Госпожа Ольоль только дважды падала в обморок. В первый раз, когда оказалось, что моль почти без остатка съела ее роскошную парижскую шаль, а второй раз, когда в ее тарелку с гороховым супом попал таракан — она до смерти боялась тараканов.
Увидев Таню, которая весело барабанила в дверь, она хоть и не упала в обморок, но остолбенела и долго не могла выговорить ни слова.
— Госпожа Ольоль, что с вами? — спросил Николай Андреевич. — Таня сегодня поздно вернулась из школы, и давно пора завтракать, то есть я хочу скалить — ужинать, а на стол еще не накрыто.
На берегу Ропотамо
Сын Стекольщика не сказал Тане, когда он вернется. Но, уходя, он оставил в Немухине Заботу о ней — она-то и превратила ее слезы в бусы. Он был предусмотрительным волшебником и прекрасно понимал, что госпожа Ольоль не оставит Таню в покое. Забота была одним из тех чувств, которые верно ему служили.
Он уехал, а чувство осталось. Забота сделала то, что на ее месте сделал бы он.
А между тем Сын Стекольщика шел и шел, останавливаясь, чтобы отдохнуть в оранжереях. Он хорошо чувствовал себя среди цветов. С его появлением они, здороваясь, наклоняли головки, а когда он уходил, мысленно желали ему счастливой дороги.
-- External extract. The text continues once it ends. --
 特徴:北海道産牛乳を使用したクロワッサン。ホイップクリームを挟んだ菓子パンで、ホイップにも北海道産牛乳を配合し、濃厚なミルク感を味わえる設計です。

И вот наконец он пришел в городок на Синем море, которое почему-то называется Черным, и надо сказать, что это был удивительный городок. Его жители относились с глубоким уважением не только друг к другу, но и к альбатросам, ветряным мельницам, старым, отслужившим якорям, к морским скалам, буревестникам и даже акулам. Этому не стоило удивляться. Все они были рыбаки, а рыбаки и моряки любят чувствовать себя на суше, как в море. Вот почему улицы своего городка они назвали именами морских птиц, морских животных и морского ветра, который усердно вертел мельницы, хотя муку уже давно продавали не на мельницах, а в продовольственных магазинах.
Старый волшебник редко бывал в городке Ропотамо, в котором одна прозрачная струя лепетала что-то другой, еще более прозрачной, и он любил часами сидеть на берегу, перебирая в уме все, что случилось в прошлом, и не жалея о том, что в будущем уже не случится.
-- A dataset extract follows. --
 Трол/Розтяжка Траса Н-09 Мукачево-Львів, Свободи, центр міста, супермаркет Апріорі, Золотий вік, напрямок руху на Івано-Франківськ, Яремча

Это был высокий худощавый старик с седой бородкой, с узким лицом и детскими голубыми глазами. Ему нравилось, что друзья некогда сравнивали его с Дон Кихотом — это была его любимая книга.
В молодости, когда он еще не был волшебником, он кончил университет. Его дипломная работа называлась «Заклинания в сказках и в жизни», и он убедительно доказывал в ней, что чудеса надо изучать, потому что они не падают с неба. Почти все заклинания против сплетен, интриг и предательств он знал наизусть — самый искусный индийский факир показался бы в сравнении с ним неопытным мальчуганом. Сына Стекольщика он тоже считал мальчуганом.
— Здравствуй, малыш, — сказал он, увидев в струях Ропотамо мелькнувшее отражение, — рад тебя видеть. Не сомневаюсь, что ты пришел ко мне по важному делу. Последнее время я замечаю, что среди волшебников появилось много энергичных молодых людей, которые не теряют времени даром.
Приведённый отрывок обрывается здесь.